Canada: circumventing the disdain for non-competes

By John C. Kloosterman, Nima Rahimi

The Ontario Superior Court of Justice recently upheld a contract requiring a senior executive to provide six months’ prior notice before resignation. The court agreed with the employer that the senior executive could not move to a competitor during the notice period, effectively prohibiting him from competing during a contractual notice period.

In Blackberry Limited v. Marineau-Mes, the Company promoted the executive from a Senior Vice-President position to an Executive Vice-President position. As part of this promotion, the executive signed a new contract which provided that he could “resign from employment with [the Company] at any time upon providing six (6) months’ prior written notice.”

During and around the time of the executive’s promotion, the Company went through some changes, including management changes. In discussions with the new CEO, the executive learned that the future of his role would be ultimately narrower than originally contemplated. Unhappy with this, the executive decided to move to a competitor and provided the Company with two months’ notice. The Company took the position that the executive was obligated to provide the six months’ notice and could not move until that period had ended.

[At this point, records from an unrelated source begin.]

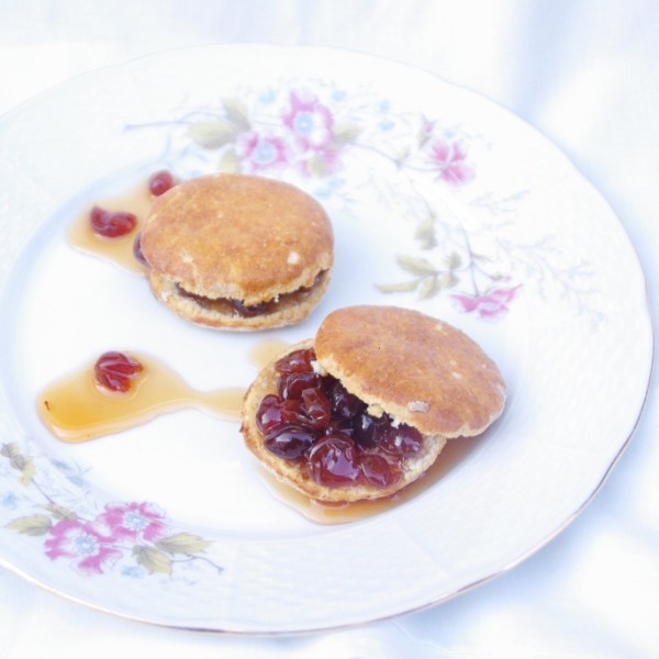 Tis geen scone, tis geen whoopie, tis geen cakeje…. tja wat is het dan wel? Geen idee, ik heb hem wel doormidden gesneden en gevuld met een heerlijke zoete druivengelei…. gewoon, omdat het lekker is!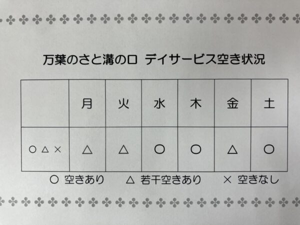 10月空き状況 公開済み: 2025年10月1日更新: 2025年9月29日作成者: 万葉のさと溝の口カテゴリー: 溝の口 暑さもだいぶ和らぎ、朝晩は少し肌寒く秋も感じてきましたが、まだ日中は25度以上の日もあるので体調には十分注意してくださいね! ↓↓↓空き状況はコチラ↓↓↓お気軽にお問い合わせください!スタッフ一同、心よりお待ち申し上げます!! 関連記事 tea time music だんだん暖かくなってきた今日この頃。みなさんいかがお過ごしでしょうか? 先日、万葉のさと溝の口ではフルートコンサートを行いました!このフルート奏者、実は、、、万葉のさと溝の口で送迎ドライバーとして勤務してるスタ…続きを読む 公開済み: 2023年4月21日更新: 2023年4月21日作成者: 万葉のさと溝の口カテゴリー: 溝の口 手作りマスクいただきました 入居者の友人の方から、「介護施設では必要でしょう、使ってください。」と、「手作りマスク」を沢山いただきました。マスクが手に入らない時に本当にありがとうございます。優しさが心にします。大切に使わせていただきます。 公開済み: 2020年4月27日更新: 2020年4月27日作成者: 万葉のさと横浜(住まい)カテゴリー: 溝の口 春の壁紙 温かくなり花や草木の生える今日この頃です。利用者の方々に手作業レクをお願いしました。桜の花とたんぽぽです。スタッフも一緒に作っています。こちらが、完成した作品です。桜が満開に咲き桜の木の下には、タンポポが咲いています。早…続きを読む 公開済み: 2021年3月23日更新: 2021年3月23日作成者: 万葉のさと溝の口カテゴリー: 溝の口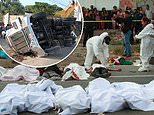 Dozens of bodies arranged in rows covered in white sheets were photographed laid across a roadway in the southern Mexican state of Chiapas On Thursday. At least 54 further people were wounded, 21 seriously, in the horror smash.

The court’s most intriguing discussion centered on the executive’s argument that the six-month notice period was equivalent to a non-compete covenant, and therefore invalid and unenforceable for being overbroad. The court was not swayed, focusing on the fact that a six-month notice period was common in the industry to allow companies to protect themselves. The court agreed with the Company that the executive’s services would be necessary during the notice period to assist in his transition out of the Company. Further, the court differentiated the notice clause at issue here with non-compete agreements in that the executive would continue receiving compensation during the notice period. Finally, although the court admitted the notice period had some non-competition aspects, it was nonetheless reasonable, and reasonable competition clauses are enforceable.

Employers should find comfort in this decision. Although non-compete agreements are a difficult pill for the courts to swallow, employers may circumvent this barrier by incorporating notice periods, which may prevent employees from moving to a competitor.